Talos Upgrade Process
Since direct upgrades from 1.6.1 to 1.9.2 are not supported, we needed to perform incremental upgrades using images created at factory.talos.dev. The upgrade path followed was:
1.6.1 → 1.6.8 → 1.7.7 → 1.8.4 → 1.9.2
Control plane node upgrades:
talosctl -n ${CONTROL_NODE} upgrade --image factory.talos.dev/installer/2dcd442954d67662d41c61bdb92165aaf7189aff9997bd011b6968c12ce8d9c0:v1.6.8
talosctl -n ${CONTROL_NODE} upgrade --image factory.talos.dev/installer/2dcd442954d67662d41c61bdb92165aaf7189aff9997bd011b6968c12ce8d9c0:v1.7.7
talosctl -n ${CONTROL_NODE} upgrade --image factory.talos.dev/installer/2dcd442954d67662d41c61bdb92165aaf7189aff9997bd011b6968c12ce8d9c0:v1.8.4
talosctl -n ${CONTROL_NODE} upgrade --image factory.talos.dev/installer/9ffda6da42b0e45bb9f486a3579c3c672c6971c1acaba0cc8ed8e9a0a5bb9e09:v1.9.2
For each worker node upgrades:
talosctl -n ${WORKER1} upgrade --image factory.talos.dev/installer/2dcd442954d67662d41c61bdb92165aaf7189aff9997bd011b6968c12ce8d9c0:v1.6.8
talosctl -n ${WORKER1} upgrade --image factory.talos.dev/installer/2dcd442954d67662d41c61bdb92165aaf7189aff9997bd011b6968c12ce8d9c0:v1.7.7
talosctl -n ${WORKER1} upgrade --image factory.talos.dev/installer/2dcd442954d67662d41c61bdb92165aaf7189aff9997bd011b6968c12ce8d9c0:v1.8.4
talosctl -n ${WORKER1} upgrade --image factory.talos.dev/installer/9ffda6da42b0e45bb9f486a3579c3c672c6971c1acaba0cc8ed8e9a0a5bb9e09:v1.9.2
Kubernetes Upgrade Process
After completing the Talos upgrades, we proceeded with upgrading Kubernetes through the following versions:
1.29.0 → 1.29.13 → 1.30.9 → 1.31.5
talosctl -n ${CONTROL_NODE} upgrade-k8s --to 1.29.13
talosctl -n ${CONTROL_NODE} upgrade-k8s --to 1.30.9
talosctl -n ${CONTROL_NODE} upgrade-k8s --to 1.31.5
Troubleshooting
If you encounter the following error during the Kubernetes upgrade:
automatically detected the lowest Kubernetes version 1.29.9
unsupported upgrade path 1.29->1.30 (from "1.29.9" to "1.30.9")

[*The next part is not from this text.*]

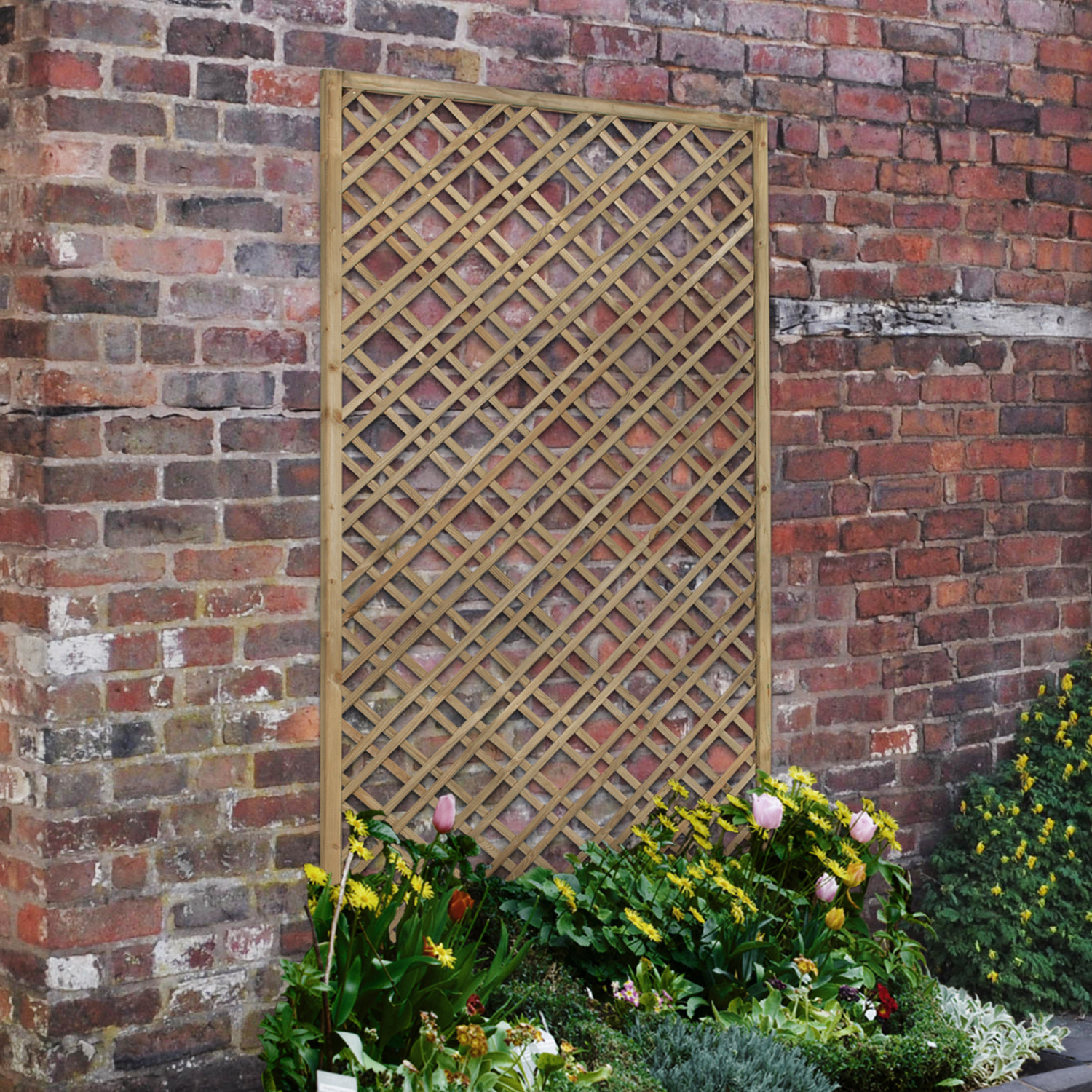 This Double Slatted Diamond Lattice is an interesting design variation of traditional garden lattice and trellis designs. Designed to make a decorative feature of a garden wall or fence, it can also function as a garden screen that still lets plenty of light through and provides a perfect framework for training climbing plants such as roses or ivy. Available in 3 widths.

This typically indicates that your talosctl client needs to be updated. If issues persist, you can perform a manual upgrade using the following commands:
Control plane node:
talosctl -n ${CONTROL_NODE} patch mc --mode=no-reboot -p '[{"op": "replace", "path": "/cluster/apiServer/image", "value": "registry.k8s.io/kube-apiserver:v'${K8S_INTERIM2}'"}]'
talosctl -n ${CONTROL_NODE} patch mc --mode=no-reboot -p '[{"op": "replace", "path": "/cluster/controllerManager/image", "value": "registry.k8s.io/kube-controller-manager:v'${K8S_INTERIM2}'"}]'
talosctl -n ${CONTROL_NODE} patch mc --mode=no-reboot -p '[{"op": "replace", "path": "/cluster/scheduler/image", "value": "registry.k8s.io/kube-scheduler:v'${K8S_INTERIM2}'"}]'
talosctl -n ${CONTROL_NODE} patch mc --mode=no-reboot -p '[{"op": "replace", "path": "/machine/kubelet/image", "value": "ghcr.io/siderolabs/kubelet:v'${K8S_INTERIM2}'"}]'
Worker nodes:
talosctl -n ${WORKER1} patch mc --mode=no-reboot -p '[{"op": "replace", "path": "/machine/kubelet/image", "value": "ghcr.io/siderolabs/kubelet:v'${K8S_INTERIM2}'"}]'
talosctl -n ${WORKER2} patch mc --mode=no-reboot -p '[{"op": "replace", "path": "/machine/kubelet/image", "value": "ghcr.io/siderolabs/kubelet:v'${K8S_INTERIM2}'"}]'
talosctl -n ${WORKER3} patch mc --mode=no-reboot -p '[{"op": "replace", "path": "/machine/kubelet/image", "value": "ghcr.io/siderolabs/kubelet:v'${K8S_INTERIM2}'"}]'
talosctl -n ${WORKER4} patch mc --mode=no-reboot -p '[{"op": "replace", "path": "/machine/kubelet/image", "value": "ghcr.io/siderolabs/kubelet:v'${K8S_INTERIM2}'"}]'
Conclusion
The upgrade process was successful, resulting in a fully updated cluster running Talos 1.9.2 and Kubernetes 1.31.5. Remember to always update your talosctl client to match the cluster version to avoid compatibility issues during upgrades.